The Encyclopdia Britannica tells us, "An atom (and thus all matter) is mostly empty space."

How does an atom do this? Energy. The protons and neutrons in the nucleus of the atom move about at 40,000 miles per second . The electron cloud is full of (not surprisingly) electrical energy.

Not only is the empty space within atoms large, but the space between atoms--the space in which there is nothing at all--is enormous.

This doesn't fit our perception of--or even belief about--things at all. As Britannica tells us, "Some daily life concepts are no longer valid on the atomic scale." Indeed.

For example, there is more empty space in the book you're holding than book. The atoms of the book give the illusion of solid ink on solid paper.

The important thing in science is
not so much to obtain new facts
as to discover new ways
of thinking about them.

SIR WILLIAM BRAGG

They're not. It's just an illusion. If the electricity in the electron cloud were switched off, even for an instant, this book would crumble into atomic dust--an amount of dust not even visible to the naked eye. This book would appear to disappear. Poof.

The same is true of whatever you're sitting (or lying) on, everything in the room or vehicle you're currently in, and everything you've ever seen, touched, heard, tasted, or smelled.

It is also, by the way, true of your body.

Welcome to life.

The most incomprehensible thing
about the world is that
it is comprehensible.

ALBERT EINSTEIN

What Did That Last Chapter Mean, Anyway?


Any sufficiently
advanced technology
is indistinguishable
from magic.

ARTHUR C. CLARKE

So what does a chapter on atomic physics have to do with a book on life?
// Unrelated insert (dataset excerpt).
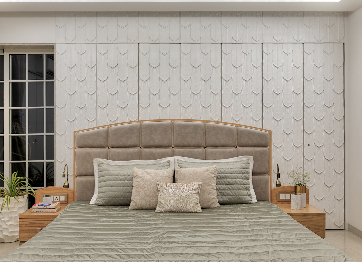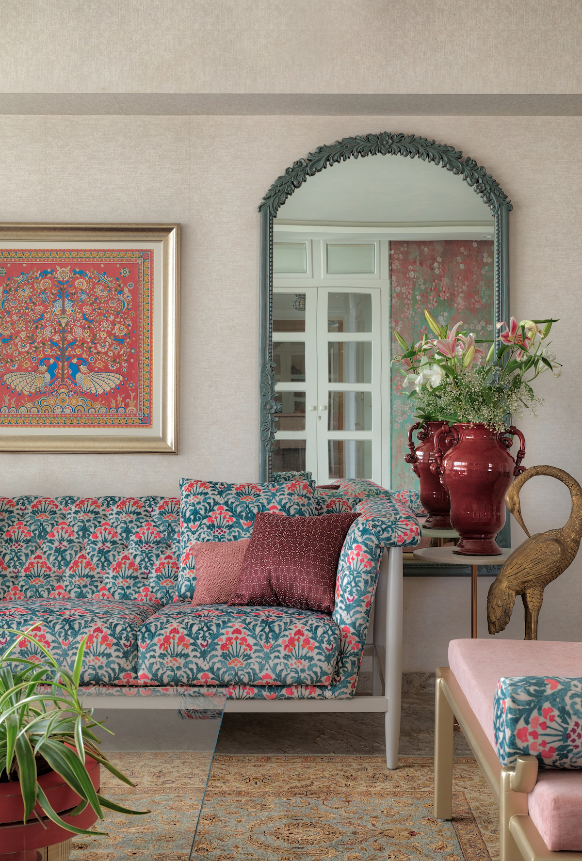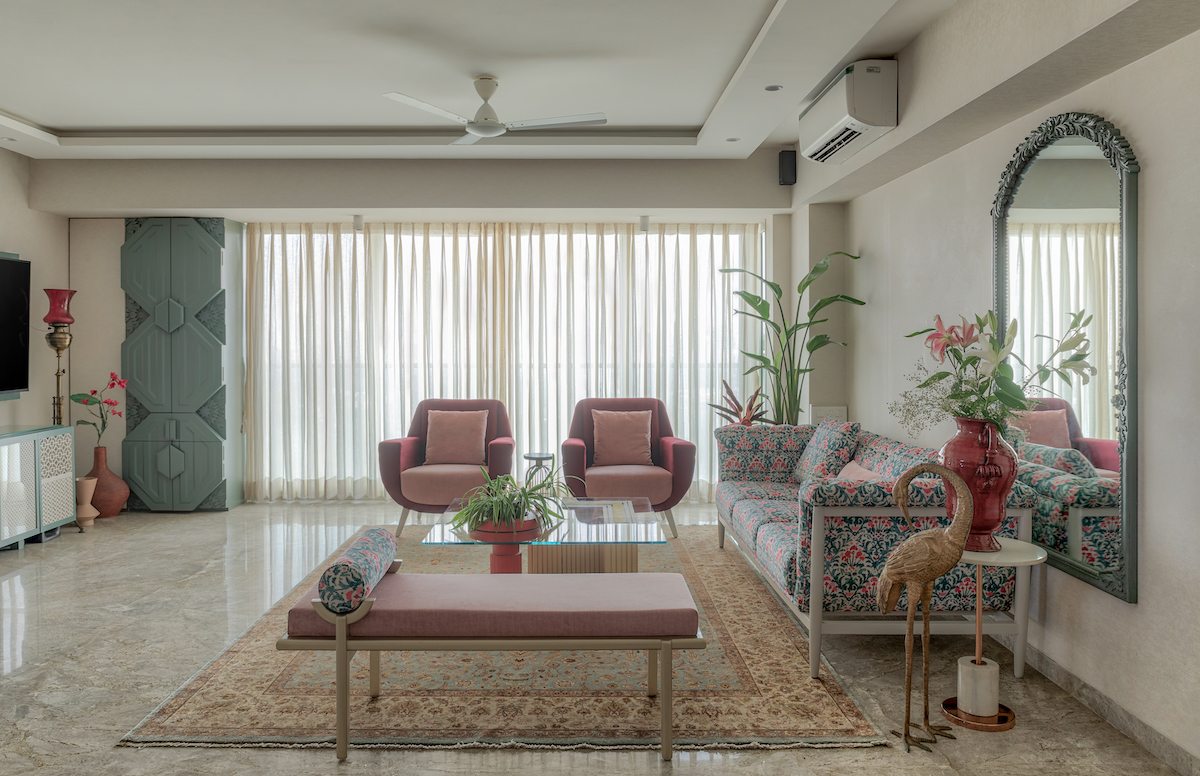 This 4bhk residence located in the heart of Mumbai offers a serene vision of green landscape amidst the hustle of the city. The residents inspired Design Hex to create a joyful space through patterns, prints and colours while balancing the element of subtlety and elegance. They wished to step outside the comfort of simplicity and fill their space with lively textures dipped in vibrant colours. As you span your vision across you can notice an impressive comprehension of Indian motifs and geometric patterns dyed in very contrasting English colours adorning the living room and evoking an alluring state in coordination with the lush greens of the outsides spanning across the enormous windows.

A few facts can be gleaned from the study of the atom: 1. Contrary to our perception and belief, there is more nothing than something, even in things that appear to have more something than nothing. 2. Everything is always in motion, even things that don't appear to have moved in millions of years. 3. The perception that things are solid and stationary is an illusion.

Physicist Fritjof Capra, in The Tao of Physics:

As we penetrate into matter, nature does not show us any isolated "basic building blocks," but rather appears as a complicated web of relations between the various parts of the whole. These relations always include the observer in an essential way. The human observer constitutes the final link in the chain of the observational processes, and the properties of any atomic object can be understood only in terms of the object's interaction with the observer.

Capra concludes, "In atomic physics, we can never speak of nature without, at the same time, speaking of ourselves."

Life, it turns out, is not a struggle; it's a wiggle.